It was the Last Roundup for Pat McCrory, a governor with a blank slate of a record who was ignored and disrespected even by his fellow Republicans in the General Assembly for his four years in office. But the governor had one final chance to redeem his pride and demonstrate strength and statesmanship.
He failed.
In signing two bills that outrageously take away appointive powers and other authority that resides in the governor’s office, McCrory rolled over. And in the process, the more he kept trying to explain himself, the worse he looked.
The bills, courtesy of the GOP leaders in the General Assembly, shift some appointive power away from the governor’s office, and require that Gov.-elect Roy Cooper’s Cabinet appointees be approved by the Senate. The state superintendent of public instruction, now to be 33-year-old Republican Mark Johnson, will have new powers over public education. And Cooper will have fewer than one-third the patronage appointments McCrory had.

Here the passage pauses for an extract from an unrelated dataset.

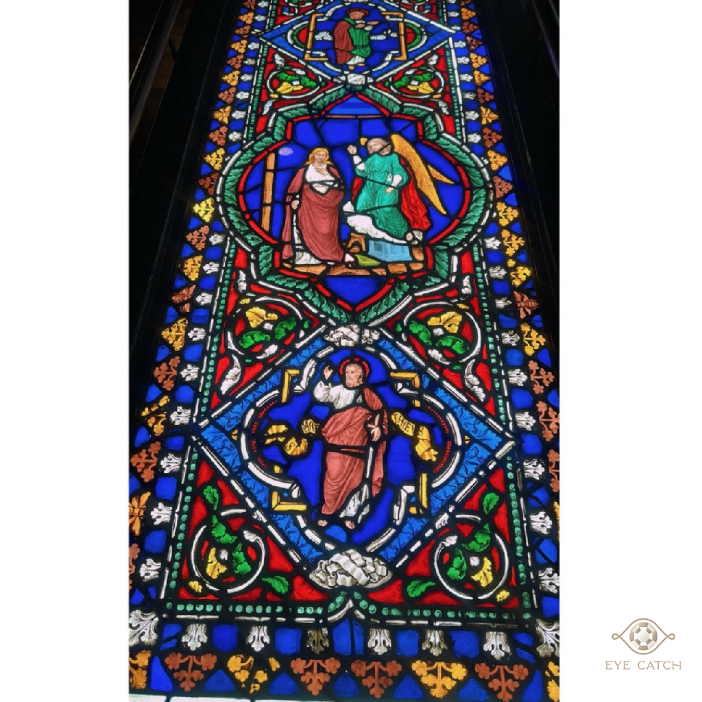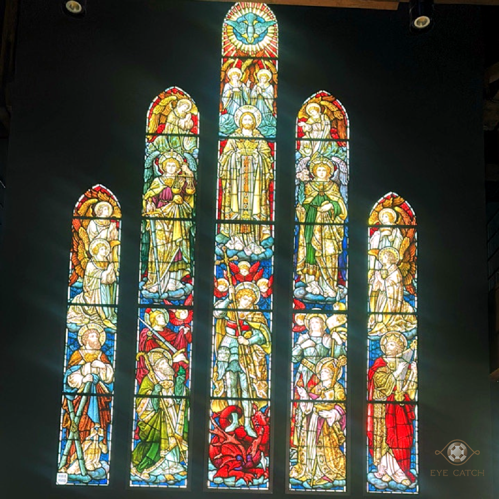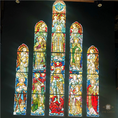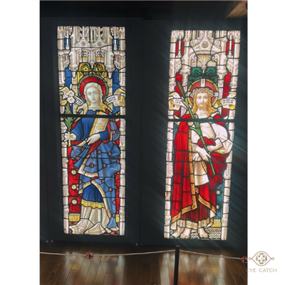 其中一件《神與英國的榮光》(1919年,英國)為紀念第一次世界大戰所製,五扇直立拱形窗排列在一起,畫面中耶穌為英格蘭守護聖人聖喬治加冕,右側還描繪法國聖女貞德,象徵兩國並肩作戰。

This disgraceful overreach by GOP lawmakers is for one reason: Cooper is a Democrat, and he is a strong leader who upended McCrory’s re-election in a year when Republicans got the presidency and voters returned U.S. Sen. Richard Burr, whose record is lackluster, to Congress for a third term. McCrory was the sore thumb among Republicans, and legislative leaders fear Cooper’s political skills. So with the excuse that Democrats once took powers from Republican leaders — true, but not on this scale — they proceeded to walk all over the separation of powers principle of democratic government.
Ironically, of course, this governor once got help from former Gov. Jim Martin, a Republican, and former Gov. Jim Hunt, a Democrat, to defend the powers of the governor. McCrory successfully battled legislative leaders over the constitutionality of lawmakers’ creation of some independent commissions. Both Martin and Hunt agreed the maneuvers were illegal.

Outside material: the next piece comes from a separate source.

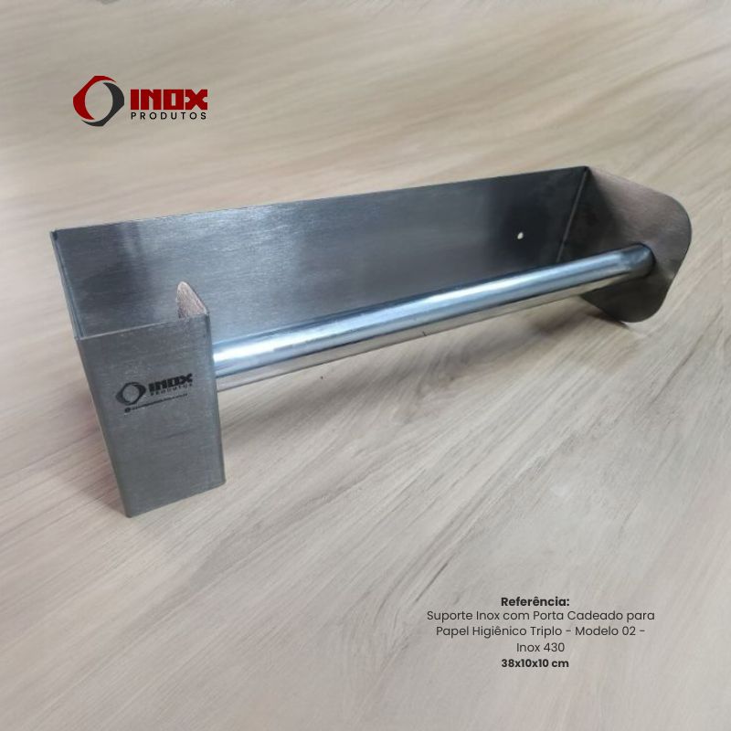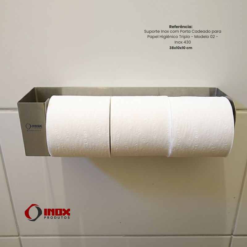 Suporte Inox com Porta Cadeado para Papel Higiênico Triplo - Modelo 02 - Inox 430 - 38x10x10 cm

Even as he signed off on the bills curbing Cooper’s rightful authority, McCrory seemed to want it both ways. He said, for example, that he thought the provisions to make Cooper’s Cabinet go through the Senate was “wrong and short-sighted.” He said the issue needed to be resolved by the legislature and the governor-elect, as if that would be remotely possible. And then he signed the bills anyway.
The governor, as if to show his strength, also tried to take credit for stopping Republican lawmakers from “packing” the state Supreme Court with two additional judges to counter the Democratic majority that will exist after the swearing in of Mike Morgan to replace Republican Bob Edmunds. There are two problems with the governor’s claim: the head of the state Republican Party ridiculed the media for reporting the possible move to pack the court because the issue was non-existent, and GOP leaders themselves put down the story. McCrory just gave them up and proved that there was indeed talk of such a move.
McCrory could have vetoed the bills, whereupon he would have been overridden. But at least he would have made a stand for the separation of powers to protect the authority of his successors. But once again and for a final time, the governor failed a test of leadership.